Geology and genesis of the Aqishan Pb-Zn deposit, NW China: Insights from mineralogy, geochemistry, and in situ U-Pb geochronology

Abstract

The unique ore-forming processes and the key factors responsible for formation of skarn deposits are still obscure, and challenges exist in the determination of timing of Pb-Zn skarns owing to lacking suitable mineral chronometers. Here we present detailed paragenesis, bulk geochemistry, in situ U-Pb dating of zircon and garnet, and garnet oxygen isotopes together with in situ zircon Hf-O isotopes from the newly discovered Aqishan Pb-Zn deposit in the southern Central Asian Orogenic Belt (CAOB), northwest China.

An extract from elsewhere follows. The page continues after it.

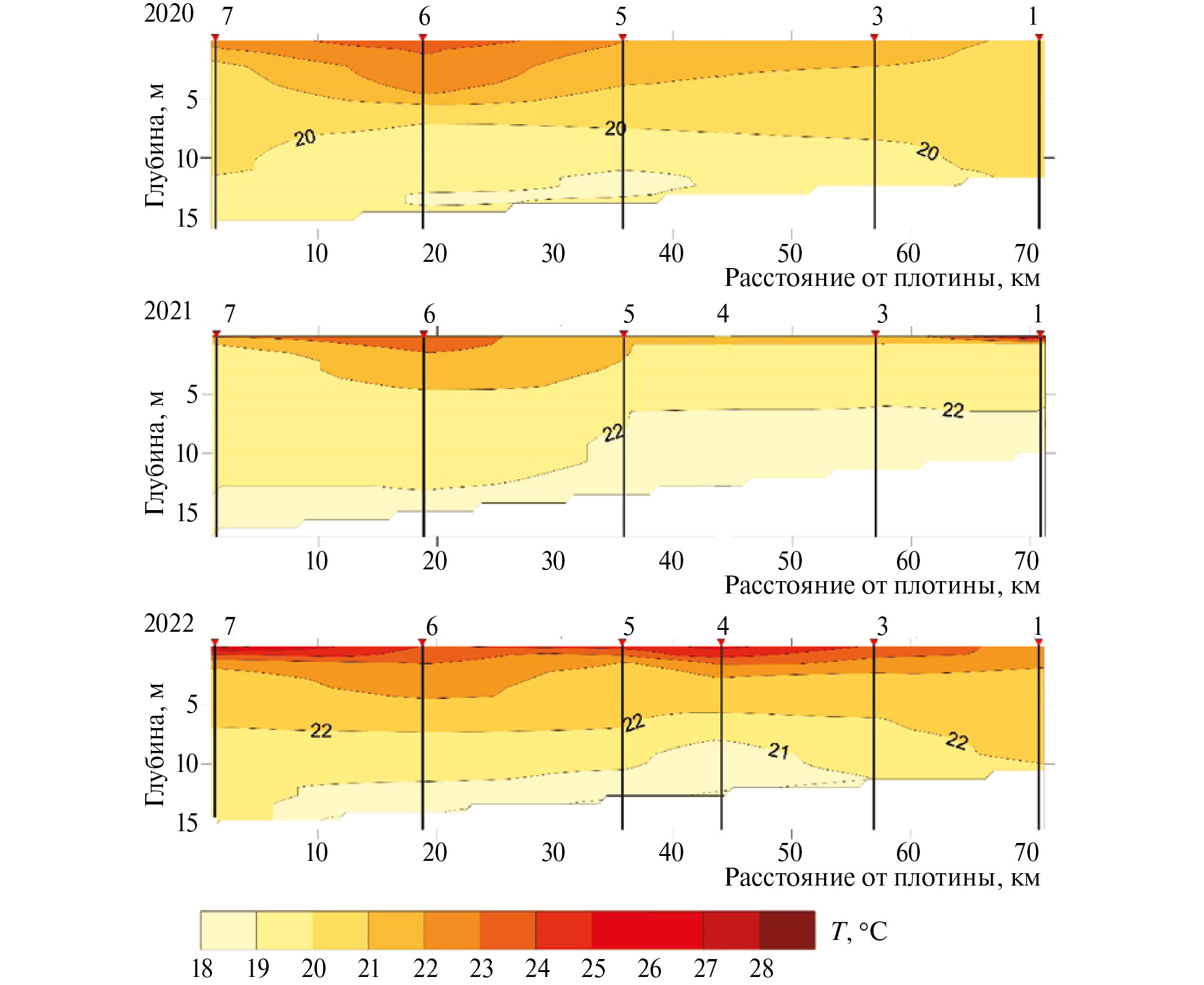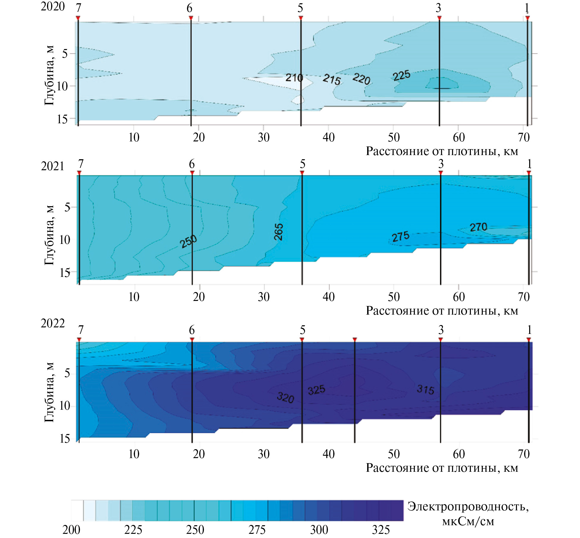 Самый низкий уровень воды (примерно на 0.5 м ниже НПУ) наблюдался в 2022 г. Наибольший приток воды, обусловленный дождевыми паводками, отмечен в июле 2020 г. Максимальная дневная температура воздуха в период проведения съемки была наиболее высокой в 2022 г. Различия гидрометеорологических условий в период, предшествовавший съемкам, обусловили особенности внутриводоемных процессов в исследуемые годы. Съемка в 2020 г. проводилась при относительно теплой антициклональной погоде, однако в предшествующий период времени была прохладная, ветреная погода и в водохранилище еще не сформировался устойчивый термоклин. При этом обильные осадки в июле привели к тому, что электропроводность воды в августе 2020 г. была наименьшей за все три исследуемых года, а насыщение придонных слоев воды кислородом, наоборот, наибольшим (до 4.8 мг/дм3 в створе Дубна, при 0.5 мг/дм3 в 2021 и 2022 гг.). Устойчивый антициклон в июле 2022 г. привел к прогреву водной массы водохранилища (температура придонного слоя воды у плотины достигала 21.2 °С) и формированию устойчивого слоя температурного скачка по всему водоему. В 2020 и 2021 гг. содержание растворенного кислорода снижалось до величин менее 2 мг/дм3 только в придонных горизонтах наиболее глубоководных станций, а в жарком 2022 г. зона с дефицитом кислорода достигала горизонтов 9–10 м (рис. 2–4).

This comprehensive data set revealed a Late Carboniferous subduction-related distal Pb-Zn skarn system associated with the granitic magmatism. Pre-ore stage garnets are generally subhedral to euhedral with oscillatory zoning and show slightly fractionated rare earth element patterns with positive Eu anomalies that point to an infiltration metasomatism origin under high water/rock ratios. The syn-ore stage sphalerite is typically enriched in Mn and Cd and has moderate Zn/Cd ratios (337–482), with a formation temperature of 265 °C to 383 °C, which indicate magmatic-hydrothermal signatures. The isocons defined by P₂O₅ decipher that the principal factors for skarn formation were elevated activities of Fe, Ca, and Si species, where remobilization of Pb metals, meanwhile, contributed to ore-forming budgets to mineralizing fluids. SIMS U-Pb dating of zircons from granite porphyry that occurs distal to the skarns and Pb-Zn orebodies shows that these intrusions emplaced at ca. 311.3–310.6 Ma, recording the subduction of the Paleo-Tianshan oceanic plate. Hydrothermal garnets in close textural association with Pb-Zn sulfides yield indistinguishable in situ LA-ICP-MS U-Pb ages of 310.5 ± 4.1 Ma. Whole-rock geochemistry and in situ zircon Hf-O isotopes (δ¹⁸O = 4.6‰–6.0‰) indicate that the granite porphyry was derived from partial melting of juvenile crust and influenced by subducted oceanic crust. Oxygen isotope compositions of garnets (δ¹⁸O = 8.0‰–9.0‰) demonstrate that the equilibrated ore fluids were inherited from fluid-rock interactions between a primary magmatic water and host tuff rocks. Our study highlights the application of garnets as a potential robust U-Pb geochronometer and isotopic tracer of ore fluids in skarn mineralizing systems in subduction-related arc environments.